Shifts in the occupational staffing pattern in industries with declining or flat employment can still generate job growth for some occupations. Paralegals and legal assistant jobs increased in the state over the last decade even though employment in the legal industry declined. During that period, legal firms hired paralegals to perform tasks previously carried out by lawyers.

Surveyor and surveying technician positions are examples of occupations that are being negatively affected by advancing technology. Advancement in surveying technology, such as robotic total stations, have increased productivity, thereby reducing demand for surveyors even as the amount of surveying work expands.

The jump in cooks and bartenders in the state over the last 10 years is the result of Minnesotans increasingly preferring to dine out rather than cook at home. That trend is expected to continue.

Changing consumer preferences drive the fortunes of many industries while reshaping the state’s workforce.

The forces shaping Minnesota’s industrial and occupational mixes are both short-term (cyclical) and long-term (structural). The number of construction occupations declined for five years in a row starting in 2006 as the housing boom collapsed. Construction jobs have been gradually recovering since 2010 and are expected to continue to increase as part of the cyclical recovery from the industry’s most infamous boom-and-bust building cycle ever.

Manufacturing employment in Minnesota and the U.S. has been bouncing back since the Great Recession, but the rebound is only short-term, as the long-term or structural trend is shrinking factory employment.

U.S. manufacturing employment in 2015 was 7 million jobs below peak factory employment in 1979, a decline of 37 percent. In Minnesota, manufacturing employment is down 20 percent (a decline of 79,000 jobs) from the 1998 peak.
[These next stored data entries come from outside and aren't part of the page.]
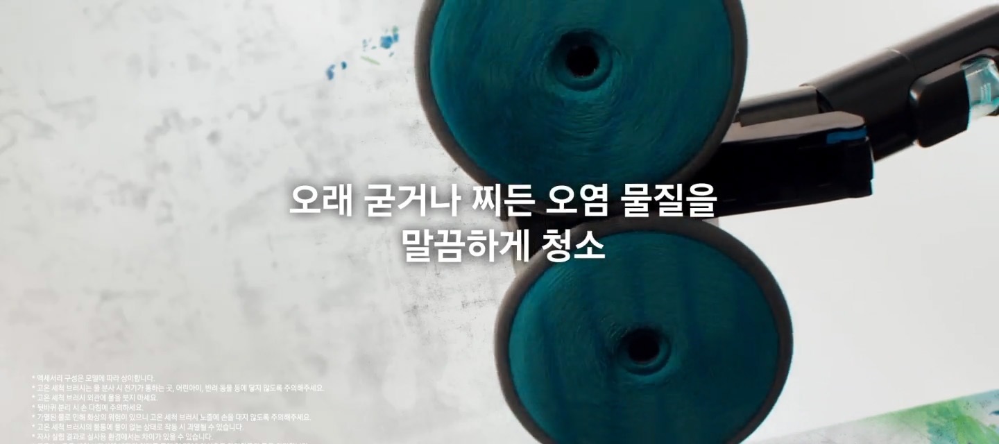 청소 중 브러시가 들리거나 벽면이나 구석에
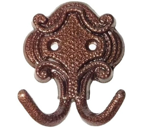 Крючок двойной медный КМ-4 - практичное решение для надежного крепления различных предметов. Изготовлен из меди с античным цветом отделки, что придает изделию элегантный классический вид. Материал отличается высокой прочностью и стойкостью к коррозии. Конструкция крючка включает два рожка, что увеличивает надежность фиксации по сравнению с одинарными аналогами. Форма рожков изогнутая, с заостренными концами для беспрепятственного прокалывания материала.
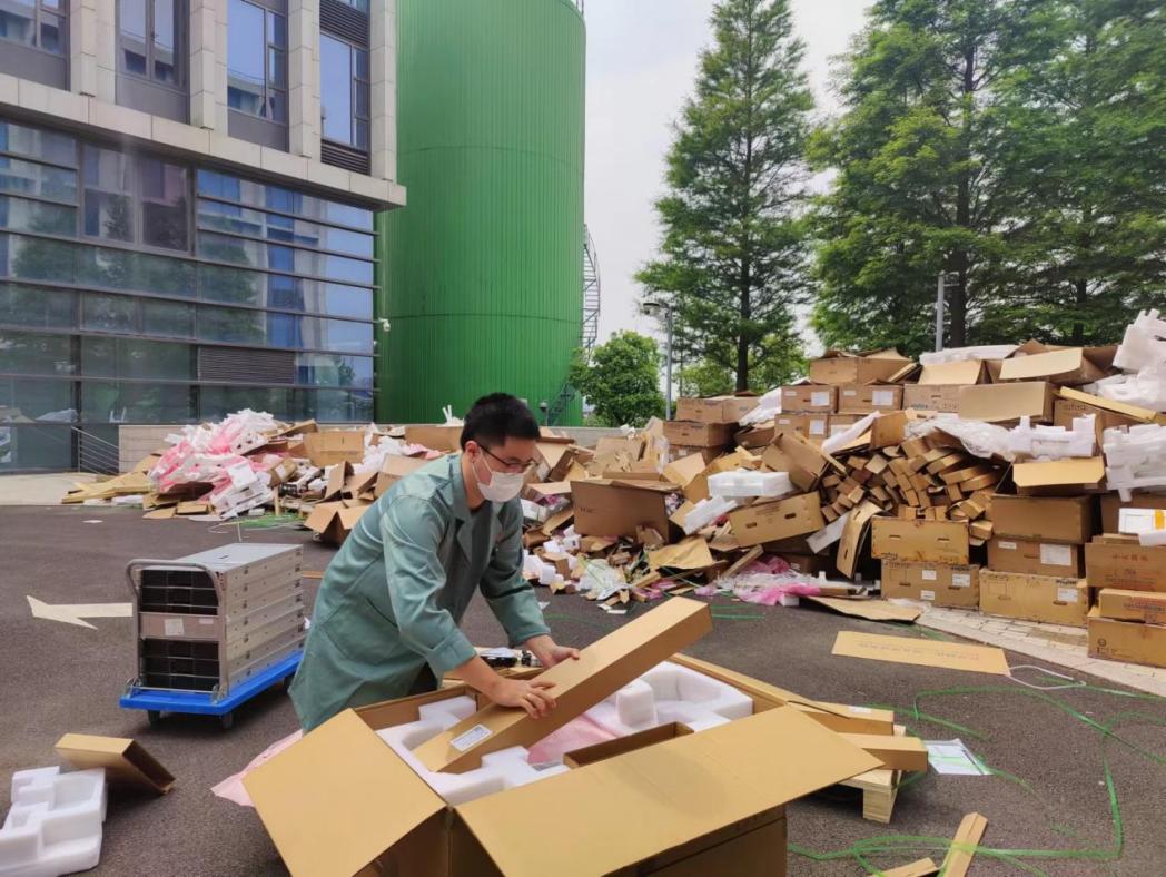 5月初,华诞转战奔赴疫情形势相对较为严峻的闵行,进驻浦江核心机房。在这里,他接到了联通云扩容的重要任务。器材和人手短缺怎么办?“办法总比困难多!”华诞没有丝毫怨言,通宵达旦地协调组织,在5天内将联通云扩容物资全部筹措到位。面对重量超5吨、总计超300件的2个满载标准集装箱工程物资,他没有等靠要,果断地和项目经理、值守同事一起撸起袖子直接上阵,三人靠自己的双手一趟趟装卸搬运,在烈日下用汗水确保了项目进度。
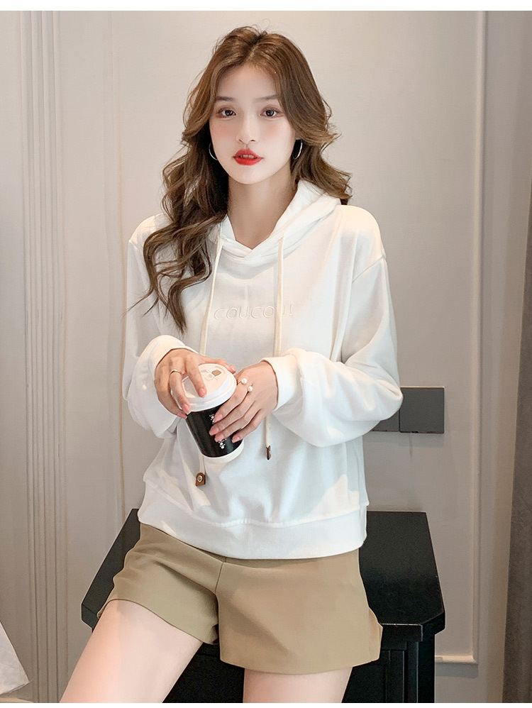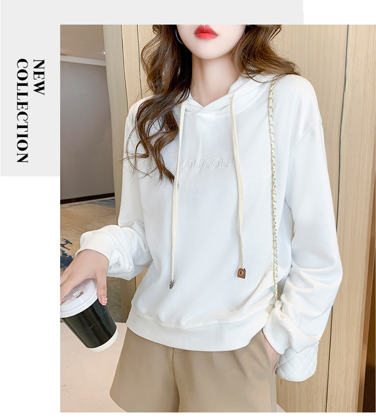 2024 리얼 샷 이른 가을 새로운 고밀도 문자 자수 올 매치 후드 긴 소매 drawstring 가을 스웨터

Increased automation on the floors of U.S. manufacturing plants rather than offshoring of manufacturing jobs is responsible for the majority of manufacturing job losses. Adjustments to trade deals and increasing costs in low-cost manufacturing countries may eventually lure some manufacturing positions back to U.S. shores. But productivity gains from automation will continue the long-term trend of a shrinking manufacturing workforce nationally as well as in Minnesota.

Increasing automation in manufacturing is a prime example of how structural change will continue to shape the state’s workforce. The continuing adoption of software across most industries increases productivity but reduces demand for a wide variety of occupations.

Other occupations, however, such as computer-related jobs, benefit as software advances. Expanding emphasis on cloud computing, collection and storage of big data, and demand for mobile computing insures continuation of the long-term trend of computer-related jobs expanding, even as some computer jobs are outsourced to low-wage countries.

Figures 1 and 2 show employment changes across occupations and industries during the previous 10 years and projected changes across occupations and industries over the next 10 years. Minnesota’s goods-producing sector, which includes agriculture, mining, construction and manufacturing industries, accounted for the majority of job loss over the last decade. Declining employment in those industries leads to falling construction and production occupation jobs.

The retail trade industry also saw declining employment, resulting in declining jobs in sales and related occupations. The drop in office and administrative support occupations, such as data entry keyers, order clerks and stock clerks, didn’t arise from job cuts in any particular industry but rather from an economy-wide adoption of technology that reduced the demand for workers.

Production and office administrative support occupations are expected to continue to decline in the future as automation improves productivity and thereby decreases the need for workers in these occupations.

The forces that drove employment growth in service-providing industries from 2004 to 2014 will continue to generate most job growth from 2014 to 2024. The end result, just like over the last decade, will be lots of job growth in health care occupations. Most of the other job growth will also occur in service-related industries and occupations as Minnesota continues to evolve into a knowledge-based service economy.